[WORK TO BE COMPLETED] Print out every line of the material exactly. Include no pictures.

[GIVEN DATA]
================================

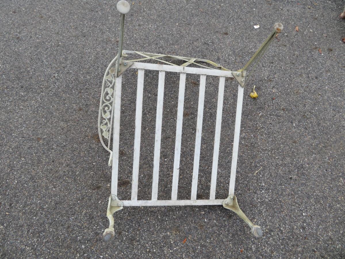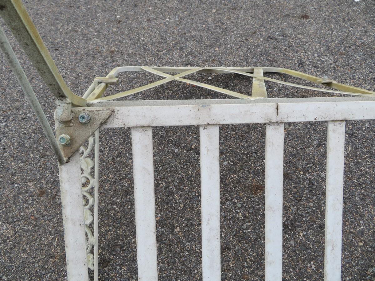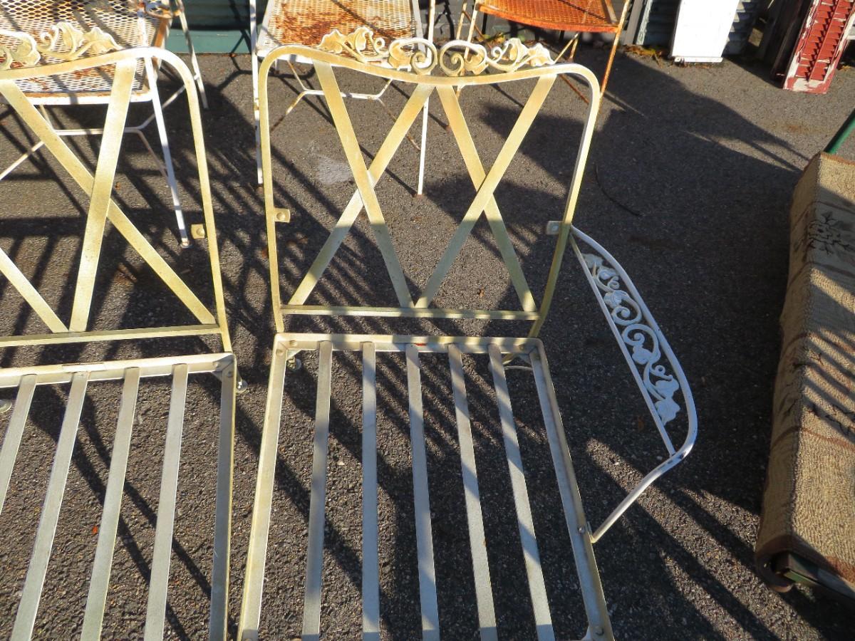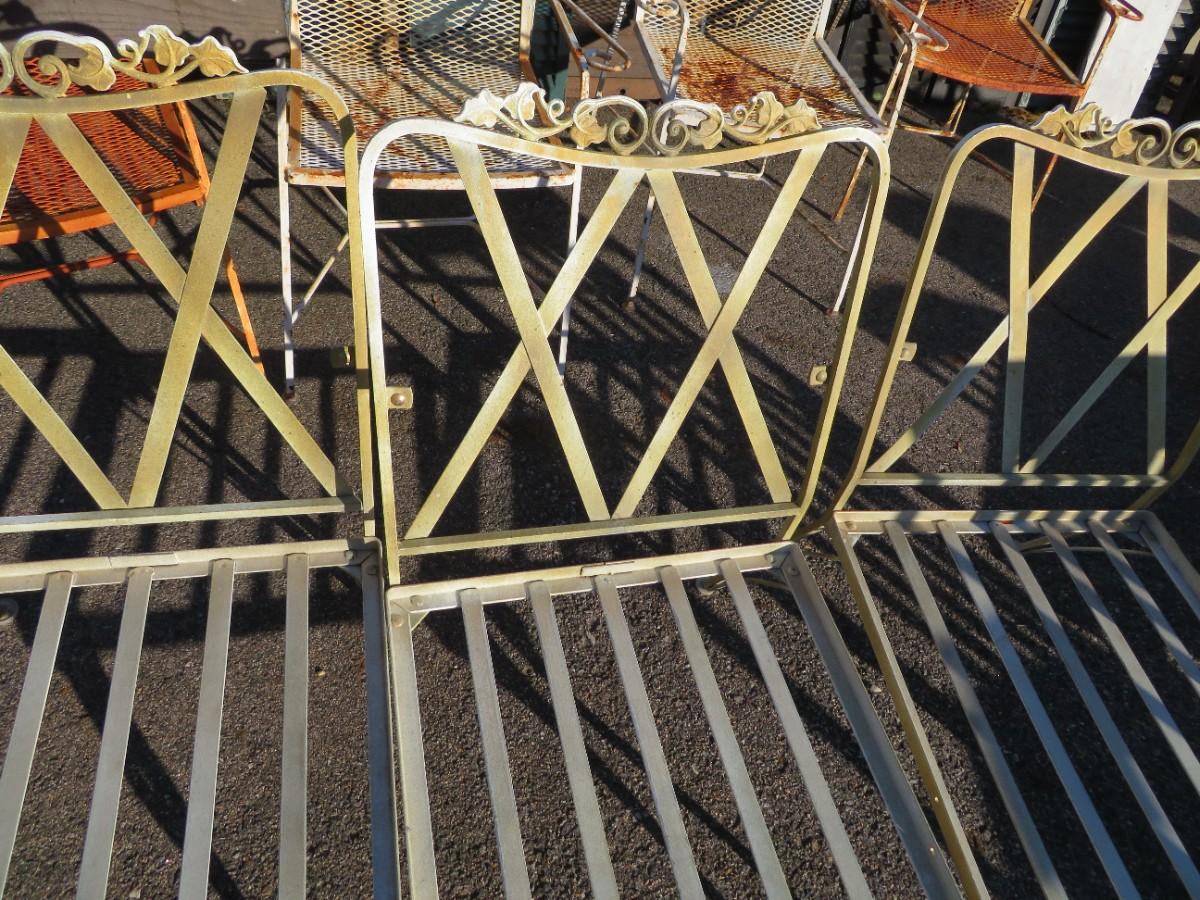 Rare White / Gold finish Outdoor Patio & Garden 3 piece Wrought Iron Sectional Couch Chairs with 4 Pink Cushions and 2 Grandma Moses fabric Cushions..
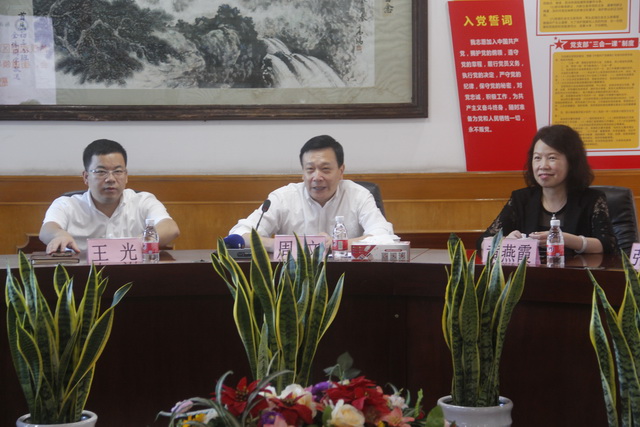 9月10日上午,在第36個教師節(jié)當天,順德區(qū)政協(xié)主席周文、副主席黃燕霞、常委鐘景榮,勒流街道黨工委書記王光,區(qū)教育局副局長張毅,勒流街道教育辦公室主任王家倫等領導一行,到新球中學開展慰問調(diào)研活動,向一線教師致以節(jié)日的問候。新球中學黨總支書記、校長何興球率行政班子成員陪同。 參觀校園 一行人首先參觀了學校的跳繩俱樂部和跆拳道訓練場。何興球校長介紹說,新球中學跳繩俱樂部自成立以來,本著東風小學跳繩精神由新球傳承和以繩育人的理念,體現(xiàn)更高、更快、更強的奧運精神,經(jīng)過長期的不懈的訓練,取得了驕人的成績,現(xiàn)已成為勒流素質(zhì)教育的品牌;跳繩隊將在明年代表廣東省參加全國學生運動會。新球跆拳道隊則實現(xiàn)了連續(xù)七年獲得順德區(qū)團體總分第一名,成為學校社團的品牌,跆拳道隊將代表勒流參加區(qū)運會。參觀領導對學校在素質(zhì)教育方面取得的成績給予了充分的肯定。 隨后,周文等領導走進了初二辦公室,看望一線教師,給他們送上節(jié)日的祝福,給教師代表楊清老師和陳理勤老師獻花并與他們合影留念。 與教師合影 最后,慰問組與我校教師代表在校董室座談。何興球校長作了題為“為打造順德區(qū)品牌優(yōu)質(zhì)初中學校而奮斗”的匯報發(fā)言,從中考成績、學生全面發(fā)展、未來學校發(fā)展的定位與思考等幾個方面,簡要匯報了學校的教育教學各項工作,并結合學校實際提出了學校發(fā)展面臨的困難。他說,學校的宿位不足是制約學校發(fā)展的難題,希望區(qū)委區(qū)政府能加大對學校硬件方面的投入。 街道黨工委書記王光,區(qū)教育局副局長張毅充分肯定了學校的辦學理念和近年來取得的成績。王光書記希望新球中學能百尺竿頭,再進一步,為勒流教育做出新的貢獻。張毅副局長勉勵學校和全體教師把握發(fā)展機遇,加快教育創(chuàng)新,進行績效改革,提升辦學質(zhì)量,走好特色發(fā)展之路。 王光書記發(fā)言 張毅副局長發(fā)言 周文主席作總結發(fā)言。他高度肯定了新球中學2020年超額完成區(qū)教育局下達的指標任務,祝賀新球中學連續(xù)獲得“順德區(qū)初中教學質(zhì)量優(yōu)秀獎”。他贊揚了新球中學在新的領導班子的帶領下,學校有很大提升,教師們的精氣神非常不錯,對學校的發(fā)展定位和未來的思考充滿信心。他透露區(qū)鎮(zhèn)兩級投入將用2~3年時間解決學校宿位不足的問題,未來區(qū)鎮(zhèn)兩級加大對優(yōu)秀教師的獎勵。同時建議鎮(zhèn)街召開教育工作大會,總結過去,表彰先進,給老師鼓勁,再創(chuàng)勒流教育新輝煌! 周文主席作總結發(fā)言 合影留念 文:于華偉 |
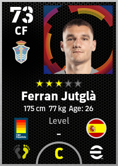 . Ferran Jutglà is a Center Forward footballer from Spain who plays for Vigo Ab in eFootball 2026.

================================

[WRITTEN RESPONSE]
 Rare White / Gold finish Outdoor Patio & Garden 3 piece Wrought Iron Sectional Couch Chairs with 4 Pink Cushions and 2 Grandma Moses fabric Cushions..
 9月10日上午,在第36個教師節(jié)當天,順德區(qū)政協(xié)主席周文、副主席黃燕霞、常委鐘景榮,勒流街道黨工委書記王光,區(qū)教育局副局長張毅,勒流街道教育辦公室主任王家倫等領導一行,到新球中學開展慰問調(diào)研活動,向一線教師致以節(jié)日的問候。新球中學黨總支書記、校長何興球率行政班子成員陪同。 參觀校園 一行人首先參觀了學校的跳繩俱樂部和跆拳道訓練場。何興球校長介紹說,新球中學跳繩俱樂部自成立以來,本著東風小學跳繩精神由新球傳承和以繩育人的理念,體現(xiàn)更高、更快、更強的奧運精神,經(jīng)過長期的不懈的訓練,取得了驕人的成績,現(xiàn)已成為勒流素質(zhì)教育的品牌;跳繩隊將在明年代表廣東省參加全國學生運動會。新球跆拳道隊則實現(xiàn)了連續(xù)七年獲得順德區(qū)團體總分第一名,成為學校社團的品牌,跆拳道隊將代表勒流參加區(qū)運會。參觀領導對學校在素質(zhì)教育方面取得的成績給予了充分的肯定。 隨后,周文等領導走進了初二辦公室,看望一線教師,給他們送上節(jié)日的祝福,給教師代表楊清老師和陳理勤老師獻花并與他們合影留念。 與教師合影 最后,慰問組與我校教師代表在校董室座談。何興球校長作了題為“為打造順德區(qū)品牌優(yōu)質(zhì)初中學校而奮斗”的匯報發(fā)言,從中考成績、學生全面發(fā)展、未來學校發(fā)展的定位與思考等幾個方面,簡要匯報了學校的教育教學各項工作,并結合學校實際提出了學校發(fā)展面臨的困難。他說,學校的宿位不足是制約學校發(fā)展的難題,希望區(qū)委區(qū)政府能加大對學校硬件方面的投入。 街道黨工委書記王光,區(qū)教育局副局長張毅充分肯定了學校的辦學理念和近年來取得的成績。王光書記希望新球中學能百尺竿頭,再進一步,為勒流教育做出新的貢獻。張毅副局長勉勵學校和全體教師把握發(fā)展機遇,加快教育創(chuàng)新,進行績效改革,提升辦學質(zhì)量,走好特色發(fā)展之路。 王光書記發(fā)言 張毅副局長發(fā)言 周文主席作總結發(fā)言。他高度肯定了新球中學2020年超額完成區(qū)教育局下達的指標任務,祝賀新球中學連續(xù)獲得“順德區(qū)初中教學質(zhì)量優(yōu)秀獎”。他贊揚了新球中學在新的領導班子的帶領下,學校有很大提升,教師們的精氣神非常不錯,對學校的發(fā)展定位和未來的思考充滿信心。他透露區(qū)鎮(zhèn)兩級投入將用2~3年時間解決學校宿位不足的問題,未來區(qū)鎮(zhèn)兩級加大對優(yōu)秀教師的獎勵。同時建議鎮(zhèn)街召開教育工作大會,總結過去,表彰先進,給老師鼓勁,再創(chuàng)勒流教育新輝煌! 周文主席作總結發(fā)言 合影留念 文:于華偉 |
 . Ferran Jutglà is a Center Forward footballer from Spain who plays for Vigo Ab in eFootball 2026.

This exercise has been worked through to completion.